Assemblea
programmatica
dei Verdi del Trentino
13 ottobre 2007
Intervento
di
A L D O P O M P E R M A I E R
Indicazioni
programmatiche per il Trentino
dalla esperienza di governo
Care
amiche e cari amici, l’assemblea è sempre stata
motivo e occasione per gli amministratori verdi di fare sintesi sull’attività
svolta come ha ampiamente illustrato poc’anzi
Iva. Desidero informarvi
su cosa sto facendo
come assessore , cosa ho prodotto e quali iniziative possono essere prese
in considerazione all’interno del quadro
di rilancio della politica verde nel nostro territorio.
Rifiuti
Con un buon progetto
e tanta convinzione la percentuale fissata dalla
provincia(65% di raccolta differenziata) non è solo alla
portata non solo dei piccoli comuni, ma ho dimostrato che Trento , città
capoluogo, può arrivare a percentuali di raccolta differenziata anche superiore.
Anche la riduzione
e la prevenzione dei rifiuti è possibile, ma serve un intervento deciso sia in termini finanziari
che legislativi da parte della provincia. In Trentino entro una certa data
non dovranno essere commercializzate monodosi, imballaggi complessi e problematici da differenziare,
la plastica non si bandisce solo con la pubblicità, ma incentivando il vuoto
a rendere a cominciare dalle strutture cooperativistiche e non trincerandosi
dietro la scusa che il consumatore preferisce l’imballaggio leggero.
Mobilità
Il piano urbano
della mobilità che tra qualche mese verrà discusso, non deve essere vanificato da interventi provinciali
squisitamente strutturali anche se ci vogliono sicuramente anche quelli.
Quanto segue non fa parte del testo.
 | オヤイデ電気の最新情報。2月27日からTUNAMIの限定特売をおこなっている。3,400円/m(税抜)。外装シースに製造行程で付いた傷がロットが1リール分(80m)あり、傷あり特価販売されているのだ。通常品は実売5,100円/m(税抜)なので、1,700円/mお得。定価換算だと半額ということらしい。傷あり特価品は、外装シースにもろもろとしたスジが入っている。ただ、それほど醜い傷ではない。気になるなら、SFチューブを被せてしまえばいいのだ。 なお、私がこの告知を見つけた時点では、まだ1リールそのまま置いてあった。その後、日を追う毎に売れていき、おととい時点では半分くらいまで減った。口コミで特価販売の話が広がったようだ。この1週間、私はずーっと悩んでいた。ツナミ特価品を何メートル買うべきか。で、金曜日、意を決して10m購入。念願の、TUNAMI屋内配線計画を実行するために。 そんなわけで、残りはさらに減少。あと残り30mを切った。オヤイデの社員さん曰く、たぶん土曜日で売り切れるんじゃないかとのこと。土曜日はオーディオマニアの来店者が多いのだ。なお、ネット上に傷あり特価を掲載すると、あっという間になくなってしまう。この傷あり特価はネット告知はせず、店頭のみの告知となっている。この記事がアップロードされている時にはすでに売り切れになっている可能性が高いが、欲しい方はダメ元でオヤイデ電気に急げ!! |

Favorire l’accesso delle auto alla nostra città attraverso
opere che hanno impegnato notevoli risorse senza altrettanto significativi investimenti
nella mobilità sostenibile(bus, bicicletta, ferrovia) è una strategia perdente
forse addirittura una follia. La provincia deve fare un passo in avanti
e dotarsi come lo sto facendo io, di un piano della mobilità che privilegi
l’uso del servizio pubblico sia su gomma che su rotaia.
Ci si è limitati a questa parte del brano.